I also wouldn't be shocked there's either voluntary or automatic Vulcan mindmeld of some kind (btwn Martha & the Doctor) due to that connection Nine spoke of with the other Time Lords back in S1. A connection the Doctor noticeably doesn't have with Saxon and thus why the Doctor didn't detect him all those times he and Martha had been on present day Earth, this lack of connection probably explained and hence reminding us of said Time Lord connection. Which the Doctor may have with Martha (but not right away, thus why the Doctor believes she died. He can't sense another Time Lord), vice versa, thus confirming her Time Lordiness. Also possibly mirroring the Doctor/Reinette and Bad Wolf & the S1 finale (the Doctor looks into Martha and Martha looks into the Doctor). Also, incidentally, probably how Dr. Martha ends up curing the Doctor of his "Lonely God" emo. She peers into his head, sees just how lonely he is... then doesn't have the heart to Chameleon Arch herself into a human again (or at least wants to explore this new & shiny Time Lord thing for a little while). Doctor and Martha still might not be 100% best buddies by the end of the ep, but she still may not want to leave him. This would also harken back to the title of the episode (which everyone, rightly, assumes is only about the Doctor and the Master, but the status quo changes by the end of the ep). "The Last of the Time Lords"... The Doctor, The Master and Martha Jones due to her exposure to the Lazarus-Saxon device. The Doctor, Jack and Martha the last three heroes left standing (also, all three, incidentally, would then share the common trait of having too long life).

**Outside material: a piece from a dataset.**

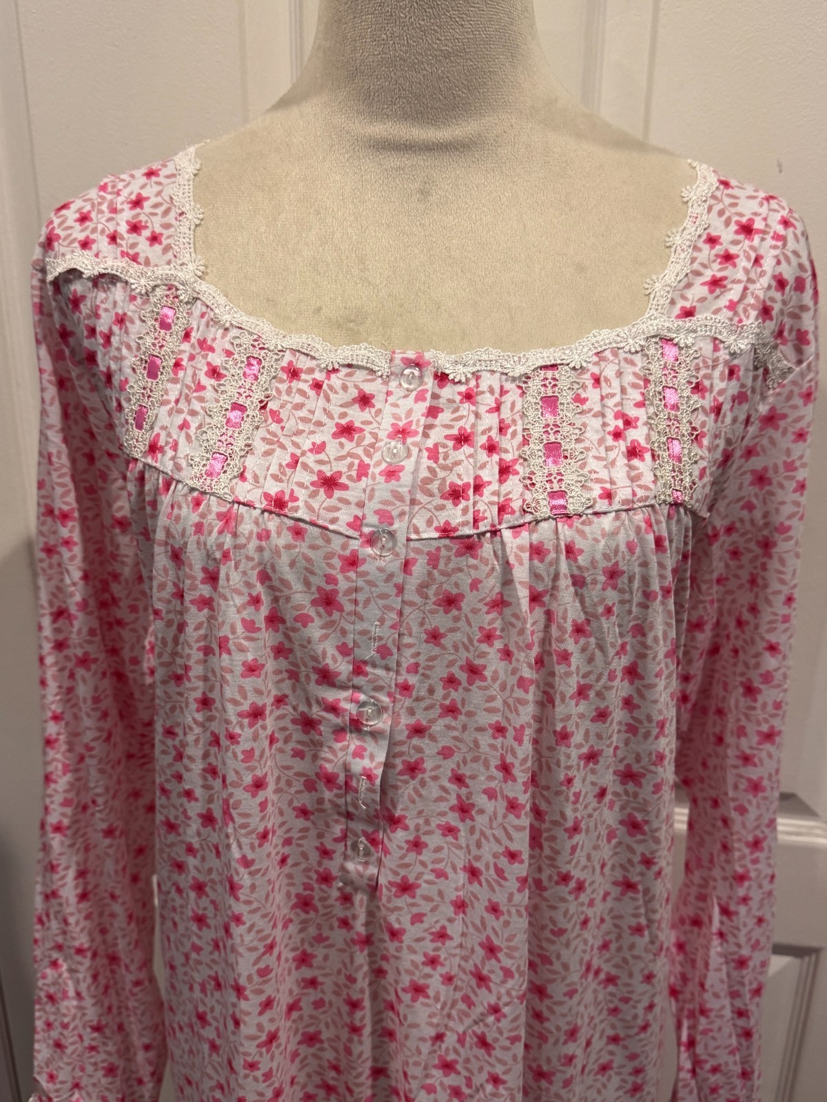 как выглядит Women Long Sleeve White w Hot Pink Flowers Nightgown button front 4XL 42"L x28"W фото

Of course, I'd also bet instead of suddenly making Martha the Doctor's daughter or sister by the genetic brouhaha which would kill the innuendo dead, she won't be biologically related to him at all. The device probably would rewrite human DNA to Time Lord, but not make every single new potential Time Lord out there related to the Doctor (we know the pitfall of that might be for the Master in the EOTD human husks as the Doctor's DNA apparently - magically - gave them a choice, made them more Doctory in the head with the love of choice and freedom and all that. The Master may be aware of this magical foible in DNA, so would prevent such a display of the Doctor's genetic mind control over his loyal subjects by altering the DNA enough where there's no definitive connection to the Doctor). Not to mention, as this is still Rusty's Who, no way do I see him killing the innuendo like that, even if it never actually goes anywhere. The man be too obsessed with teh sexxorz to turn Martha into the Doctor's little sister/daughter.
BBC Press Release for "The Last of the Time Lords":"New Time Lord empire"? Now depending on how literal that is (I'm thinking it is very literal, Rusty isn't particularly subtle as we know), I'm thinking that machine he'd commissioned Lazarus to make (based around Lazarus' lifetime's work which Saxon likely stumbled on in constructing his diabolic plans) will show up again in the finale in a huge way. Combined with the potential foreshadowing in both the Plasmavore's MRI bomb and the Doctor giving his DNA to the human/Dalek husks in "Evolution of the Daleks"? I think Saxon will modify Lazarus' machine, possibly using his own DNA / the Doctor's hand (or hell, the Doctor himself) for the Time Lord genetic codes and maybe the TARDIS (the Chameleon Arch) to create an anti-Chameleon Arch on a global scale that changes humans to Time Lords. The only catch is - as there's always one or two in scenarios like this and usually life or death - is the thing has a 50/50 shot of either turning you into a Time Lord or just plain killing you in a horrible way (or just a terrible monster by the looks of Lazarus, which would still fall in the *ded* category as I doubt there's room in Saxon's new empire for giant, uncontrollable ferocious beasts... unless he wants some pits for entertaining to throw in nerf herders who don't pay their debts like Jabba or whatnot, but I digress).
Earth has been conquered and the Master rules supreme, with the Doctor a helpless prisoner, in the final episode of Russell T Davies's Doctor Who. The entire human race has been reduced to slavery, as the mighty warships of a new Time Lord Empire rise from the ashes. Only Martha Jones can save the world...
David Tennant plays the Doctor and Freema Agyeman plays his companion, Martha Jones. John Barrowman and John Simm guest star.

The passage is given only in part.